High Court Of Calcutta
Sanjib Banerjee, J.

Srila Bhakti Sundar Govinda Dev Goswami Maharaj : Appellant
Versus
Testamentary : Respondent
GA No. 3628 of 2010 PLA No.171 of 2010
Decided On : Feb 25,2010

Advocates Appeared:
Anil Gupta, Sukant Dutta, Arindam Sinha

A person who can demonstrate that if a will was not there, succession otherwise would have given them an interest or a right to the estate has a caveatable interest.

Headnote:

SUCCESSION ACT, 1925 - CAVEAT - INTEREST IN THE ESTATE - SUCCESSOR TO THE HEAD OF A RELIGIOUS ORDER - CAVEATABLE INTEREST - RIGHT TO NOMINATE A SUCCESSOR AS PERSONAL PROPERTY - RIGHT TO OBJECT TO THE GRANT OF PROBATE.

Fact of the Case:

A dispute arose between two ascetics regarding the validity of a will executed by their spiritual leader. The propounder of the will sought to discharge a caveat lodged by the caveator, arguing that the caveator had no caveatable interest.

Finding of the Court:

The court held that the caveator had a caveatable interest in the estate of the deceased, as the will sought to establish a bequest that would give the caveator an interest in the estate.

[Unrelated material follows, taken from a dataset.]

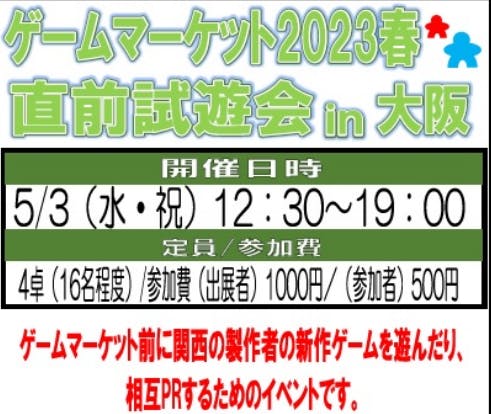 5/3(水)【ゲームマーケット2023春 直前試遊会in大阪】を開催します。

Issues: Whether the caveator had a caveatable interest in the estate of the deceased.

Ratio Decidendi: The court relied on the provisions of section 283(1)(c) of the Succession Act, 1925, which states that any person having an interest in the estate of the deceased may lodge a caveat. The court interpreted the expression "interest in the estate" to include any person who could demonstrate that if the will was not there, succession otherwise would have given the applicant an interest or a right to the estate.

Final Decision: The court dismissed the propounder's application to discharge the caveat, holding that the caveator had a caveatable interest in the estate of the deceased.

JUDGMENT

Sanjib Banerjee

1. OBEDIENT beacon-flashing servants of the country, who have taken a giant first step in delivering the constitutional promise of a social revolution by creating a siren-wailing uber-caste of those in power, can take solace; even monks who have relinquished their material possessions and surrendered themselves to serve their religious order crave for power. Two ascetics battle it out in this Court of a material order to appropriate the legacy of their spiritual leader. Only, a minor problem has arisen in the temporal assessment of the class of persons who would be qualified to question the execution and validity of a will by a person who had renounced the material world.

2. THE present application is by the propounder seeking discharge of the caveat lodged by a fellow disciple of the mendicant testator. The point urged is that the caveator has no caveatable interest.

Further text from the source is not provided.